0.025640629909635775 " A"
0.021256828803575347 " D"
0.016554834917839274 " The"
0.006901081919294773 " a"
0.0064829665025314025 " ("

If we only consider the acceptable answers, this gives after rescaling:

62.73% " B"
27.84% " C"
05.15% " A"
04.26% " D"

The confidence is much higher when using the instruction following variant.

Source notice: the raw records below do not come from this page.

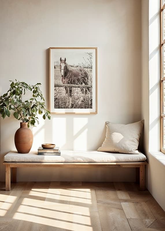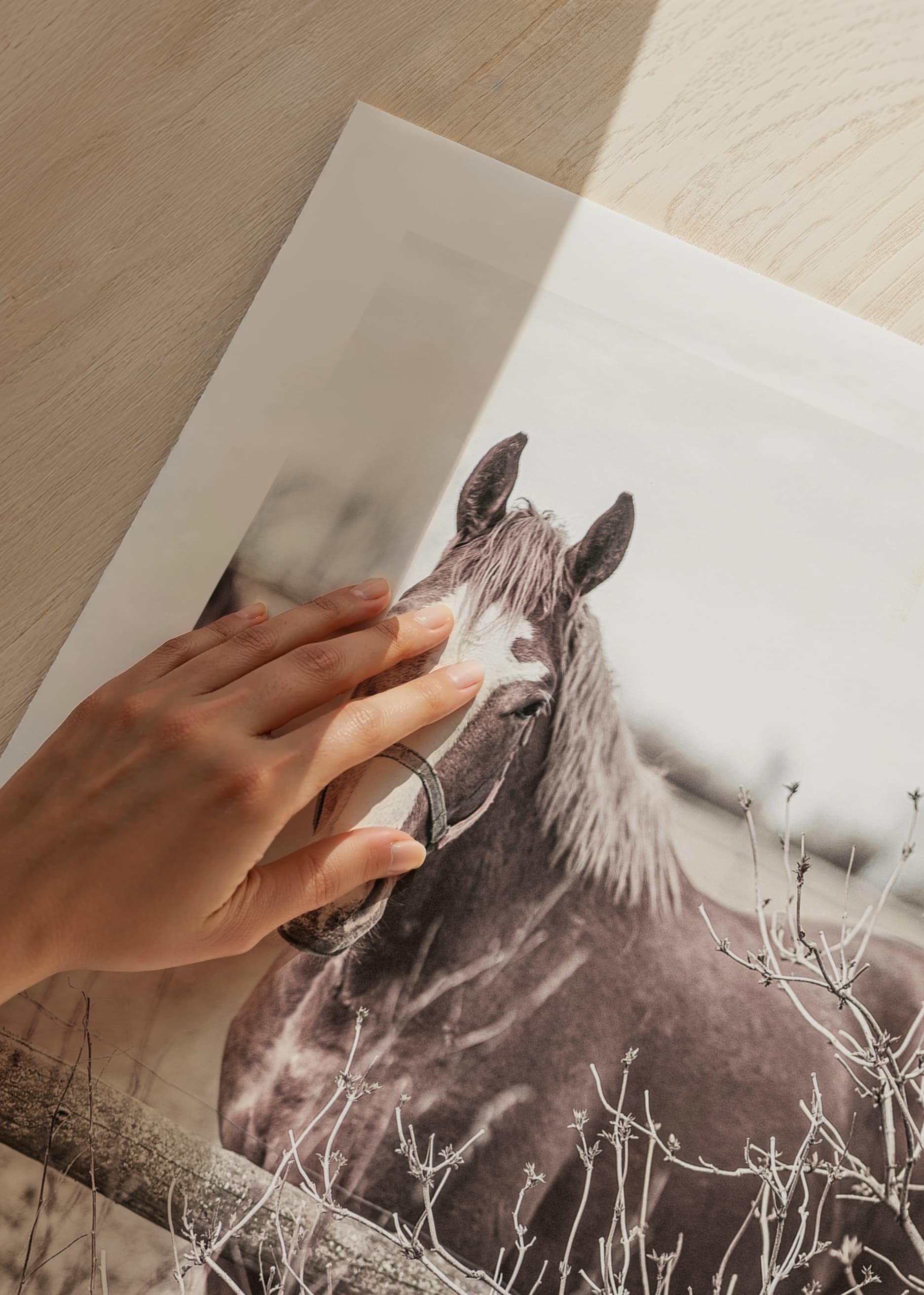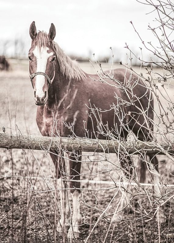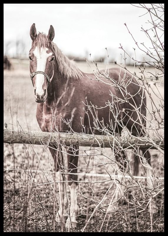 Un cheval brun à la ligne blanche se tient tranquillement derrière une simple clôture en bois, dans un pâturage ouvert. Des branches aux brindilles fines masquent partiellement le sujet, et l'arrière-plan arbore des tons terreux doux et discrets. Cette affiche évoque la sérénité de la campagne et convient aussi bien aux salons qu'aux bureaux.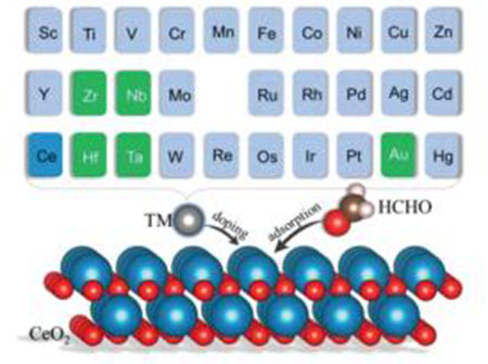 Investigation of the enhanced adsorption mechanism for formaldehyde on TM-doped CeO2 monolayer using density functional theory, TM-CeO2(100) (TM=Au, Hf, Nb, Ta, Zr) are screened as candidate materials to absorb formaldehyde.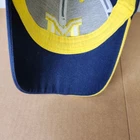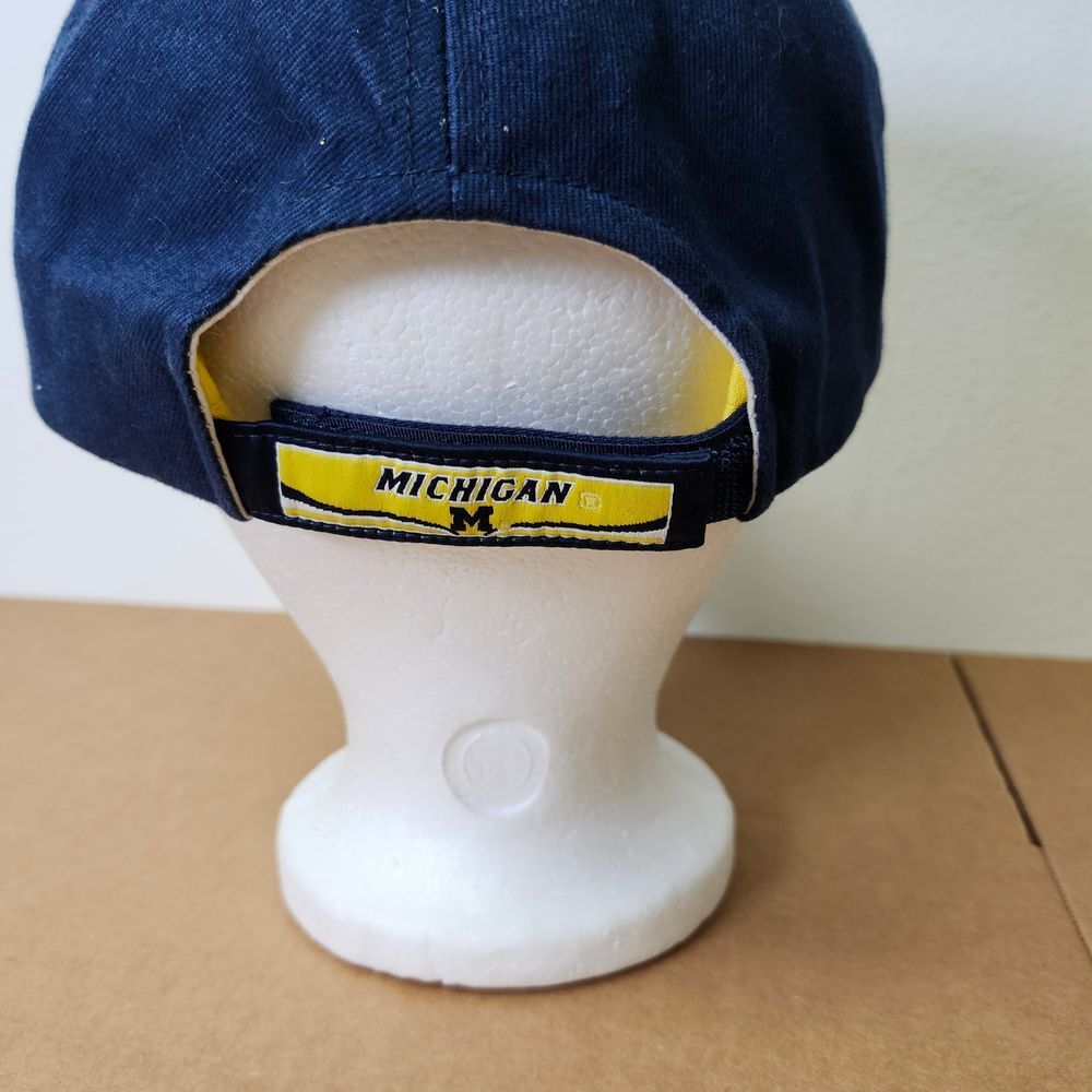 Official University of Michigan baseball cap in navy blue with yellow 'M' logo. Features curved brim, embroidered team details, and contrasting yellow/white side design. Cap shows minimal wear and maintains shape well. Adjustable fit with snap closure. Keywords: michigan wolverines, university of michigan, college baseball cap, ncaa merchandise, michigan hat, wolverines fan gear, sports cap, navy blue hat, team merchandise, athletic wear, university apparel, michigan athletics all items have been cleaned and disinfected we stand behind all we sell so please contact us if you have an issue with any order

Using an instruction following model

For chat completion, we can serve an instruction-following model instead:

podman run --rm  --shm-size=4g -p 8000:8000 \
  -v ~/.cache/huggingface:/root/.cache/huggingface \
  -e HF_TOKEN \
  localhost/vllm-cpu \
  --model=mistralai/Mistral-7B-Instruct-v0.3 --dtype=bfloat16

We can now use the Chat completion API:

curl http://127.0.0.1:8000/v1/chat/completions -XPOST -H"Content-Type: application/json" -d  '{
  "messages":[
    {"role":"system","content":"You are a helpful assistant"},
    {"role":"user","content":"What is the color of the sky?"}
  ]
}' | jq -r .choices[0].message.content

The color of the sky can vary depending on the time of day, weather, and location, but under a clear blue sky, it typically appears blue due to a process called Rayleigh scattering. During sunrise and sunset, the sky may take on shades of red, pink, and orange. At night, the sky is generally a dark expanse of black, dotted with stars.